Lavori (in)sensati
Come un treno in ritardo mi ha ricordato uno dei più geniali (e attuali) articoli sul mondo del lavoro
Intro
Ponte del 2 giugno 2022. Un incidente ferroviario in centro Italia crea disagi e ritardi (per qualche giorno!) su tutti i treni che percorrono il Bel Paese. Ed io mi ritrovo ad avere un’oretta imprevista nella strapiena stazione di Firenze, in attesa di un treno che mi riporti a casa.

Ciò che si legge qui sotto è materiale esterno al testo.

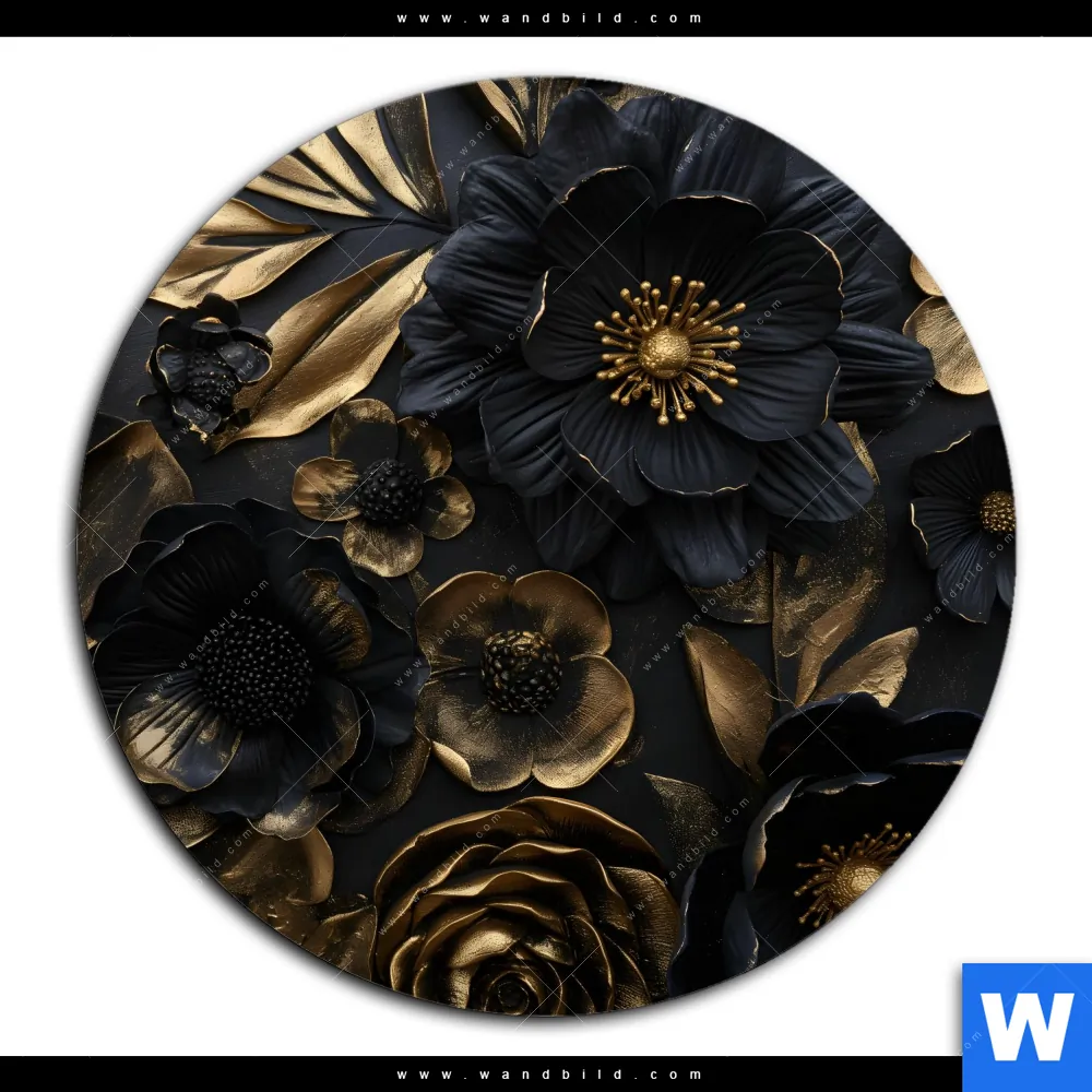Aluminiumbild gebürstet | Schwarze und goldene Blüten | Rund

La stanchezza si fa sentire (dopo 3 giorni al Pycon con amici e colleghi fantastici1), ma decidiamo di non perdere tempo: c’è una libreria che ci sta chiamando (con tanto di aria condizionata). Ho in testa un obiettivo, tanto banale, quanto scontato: vedere se trovo una copia del libro che ho pubblicato da un paio di mesi con Stefano Gatti. Sì, non è la più nobile e colta delle intenzioni, ma penso sia umanamente comprensibile :)
E qui le notizie positive sono due:
Il libro c’è!2
Ed è pure in ottima compagnia
Già, in qualche modo (francamente difficile da immaginare) mi sono ritrovato a soli 3 libri di distanza da David Graeber.

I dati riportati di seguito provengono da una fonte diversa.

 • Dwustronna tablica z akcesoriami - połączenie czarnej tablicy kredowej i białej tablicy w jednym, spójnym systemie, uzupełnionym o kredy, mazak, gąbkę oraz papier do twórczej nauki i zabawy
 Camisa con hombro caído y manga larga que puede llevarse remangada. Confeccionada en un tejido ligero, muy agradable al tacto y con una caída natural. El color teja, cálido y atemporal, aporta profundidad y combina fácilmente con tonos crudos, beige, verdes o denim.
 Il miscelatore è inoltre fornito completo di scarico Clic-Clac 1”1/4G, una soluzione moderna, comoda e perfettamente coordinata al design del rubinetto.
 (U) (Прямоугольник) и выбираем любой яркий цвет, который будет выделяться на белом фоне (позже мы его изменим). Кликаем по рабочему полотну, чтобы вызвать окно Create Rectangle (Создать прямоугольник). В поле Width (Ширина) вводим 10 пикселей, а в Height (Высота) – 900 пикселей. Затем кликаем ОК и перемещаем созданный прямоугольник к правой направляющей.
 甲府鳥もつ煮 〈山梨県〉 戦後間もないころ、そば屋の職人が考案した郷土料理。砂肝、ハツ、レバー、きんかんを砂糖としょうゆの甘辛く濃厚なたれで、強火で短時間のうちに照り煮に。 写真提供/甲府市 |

Una riflessione attuale sul mondo del lavoro
Si potrebbe dire tanto sull’autore di cui sopra: un antropologo statunitense noto soprattutto per le sue posizioni anarchiche e il suo ruolo in movimenti come Occupy Wall Street.
Ma non è di questo che voglio parlare.
Piuttosto, mi voglio concentrare sul suo geniale articolo del 2013, On the Phenomenon of Bullshit Jobs, in cui ho avuto la fortuna di imbattermi qualche anno fa. Già dalla scelta del titolo si può intuire che ci troviamo di fronte ad un articolo forbito e pungente… un must read per chiunque, specialmente per chi lavora da almeno 3-4 anni.
L’idea è semplice: negli anni ‘30, Keynes aveva ipotizzato che per la fine del secolo scorso la tecnologia avrebbe permesso a gran parte della popolazione di lavorare solo 15 ore a settimana, facendo aumentare il tempo a disposizione di ognuno per coltivare le proprie passioni personali. Beh, fast forward di quasi un secolo e possiamo dire che non è andata proprio così: sembra anzi che la tecnologia sia usata per permettere alle persone di lavorare sempre di più.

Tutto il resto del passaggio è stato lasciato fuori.